Мы – это мы плюс Кирилл на клавишах и Серега на первой гитаре, молодые мужики и почти виртуозы. Я же дюжину лет как не первая гитара, я вообще никакая гитара, просто я опять все сочинил, а у мужиков хватило ума, чтобы транжирить полгода и согласно раскрашивать простецкие мелодии. А как же – ведь первая в России, как паровоз Черепановых, первая «звезда» рока! Я так долго не вспоминал этого, что теперь хочется хвастаться на каждом углу. А Николай, похоже, помнил об этом всегда.
Хочется сразу, без долгих терзаний, хочется простодушно победить и успокоиться.
Весной на площадке Рок-клуба, в приличном зале, где есть сцена и занавес, куда не попадешь без милицейского или профсоюзного блата, мы выступаем на концерте перед клубными троглодитами, шишки которых отводят нам место в первом нафталинном отделении. Празднуется какой-то юбилей, и в первом отделении выступают старые пеньки рок-н-ролла. Отдавая должное расчету троглодитов на ретроспекцию, я знакомлю их со сценическими примочками пятнадцатилетней давности, то есть выбрасываю в зал на потраву троглодитам пиджак, полчаса усердно пою и бегаю по сцене. Троглодиты кровожадно потрошат пиджак, а это значит – я со своим тонзиллитом, а Николай с конотопщицей, мы еще, выходит, конкурентоспособны.

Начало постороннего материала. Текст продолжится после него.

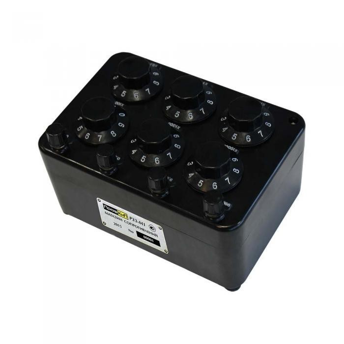 Магазин сопротивления ПрофКИП Р33 (разработка 2020 года) предназначен для воспроизведения значений электрического сопротивления постоянному току и для применения в качестве многозначной меры электрического сопротивления (ММЭС) в цепях постоянного тока. Принцип действия магазинов сопротивлений заключается в воспроизведении необходимых значений сопротивлений с помощью резистивных элементов. Конструктивно магазины сопротивлений состоят из последовательно соединенных равнономинальных прецизионных резисторов, установленных в каждой декад.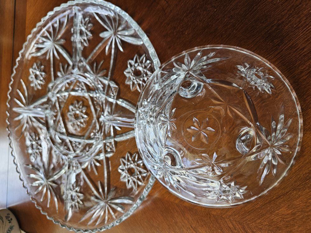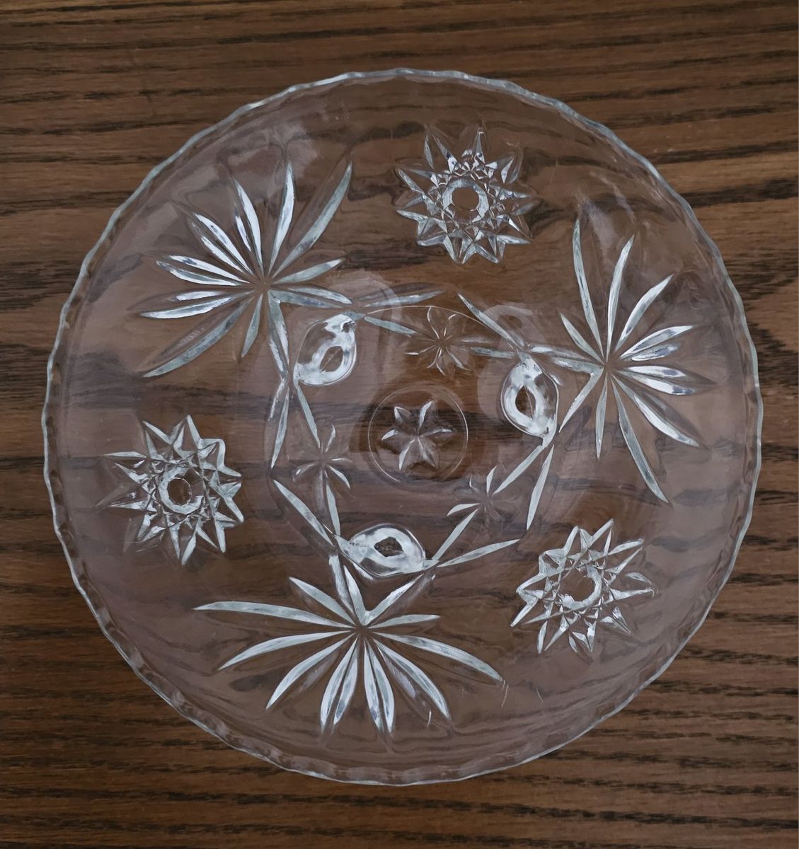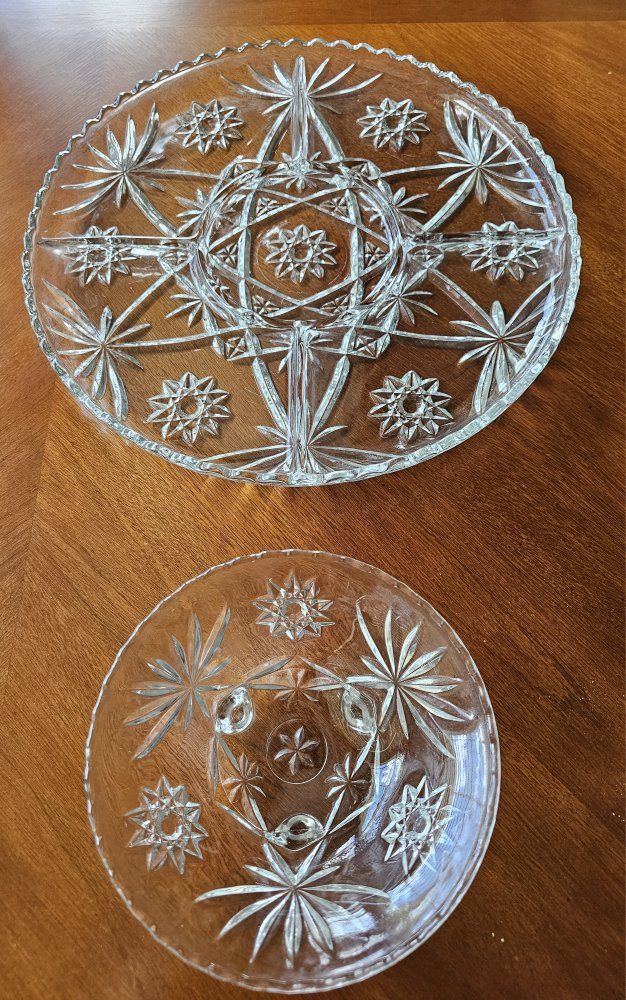 VenmoFeatures the Star of David or Starburst pressed glass design. 1960's The platter is 13.5" in diameter. Candy dish is almost 7" in diameter. Clear heavy glass with scalloped or sawtooth rim. Beautiful platter and candy dish. Platter - $25 Candy Dish - $15 Both - $35

Один по весенним лу-ужамИду туда, где еще я ну-ужен.Лужи тере-бит ветер.Мой город лучше всех на свете!После отделения за кулисы набивается рота почитателей, таких же старых пеньков, поздравляют с возрождением из пепла непонятно во что, поздравляют так, что по весенним лужам еле добираюсь туда, где я еще нужен.

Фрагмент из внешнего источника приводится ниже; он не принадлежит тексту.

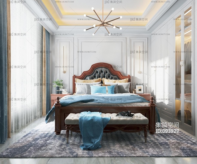 欧式轻奢卧室 3d模型下载 [模型ID:93927]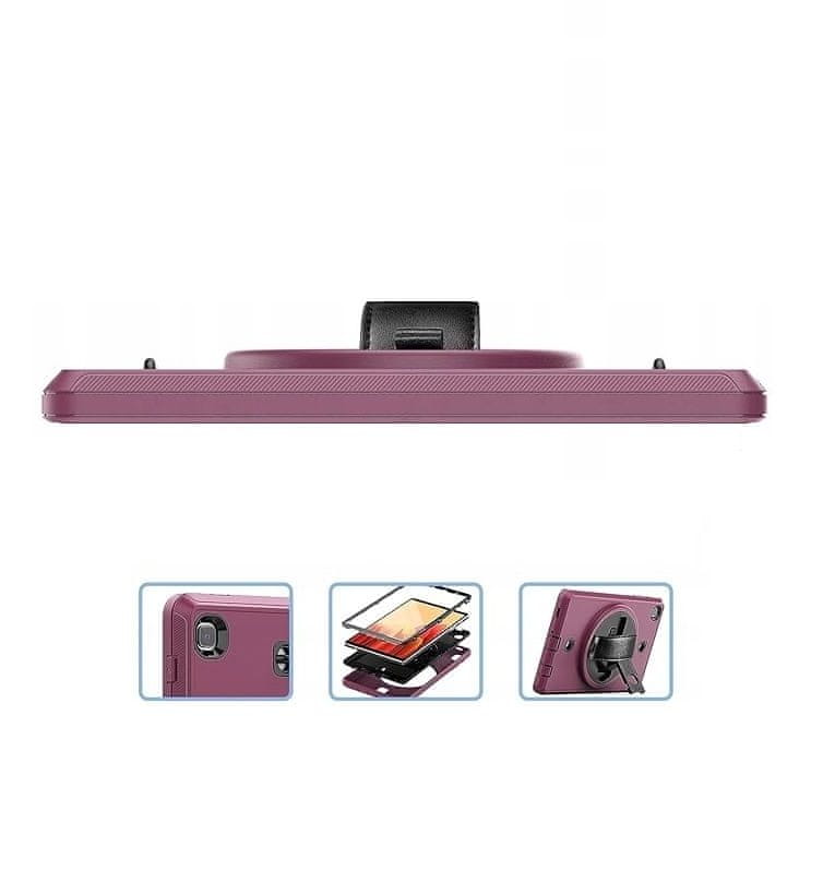 Trostruko ljubičasto maskica za A7 Lite T220 (T225) s 360° rotirajućim stalkom i podesivim remenom. PC+TPU zaštita od udaraca i ogrebotina. Ergonomski dizajn za sigurno držanje. Savršeno za putovanja i prezentacije.

– Попс! Крутой кайфовый попс! – пристают целый месяц знакомые троглодиты. От них я шарахаюсь в ужасе, поскольку лишь на время отложил серьезное гуманитарное дело писательства и боюсь, так сказать, испортить себе реноме. А Коля Мейнерт, серьезный критик из Таллина, оказавшийся на концерте, пишет: «Наш ветеран похож на человека, уснувшего у пылающего огня и проснувшегося у потухшего костра. И вот теперь он тщетно дует на угли, пытаясь возродить былое пламя. Грустно, но трогательно».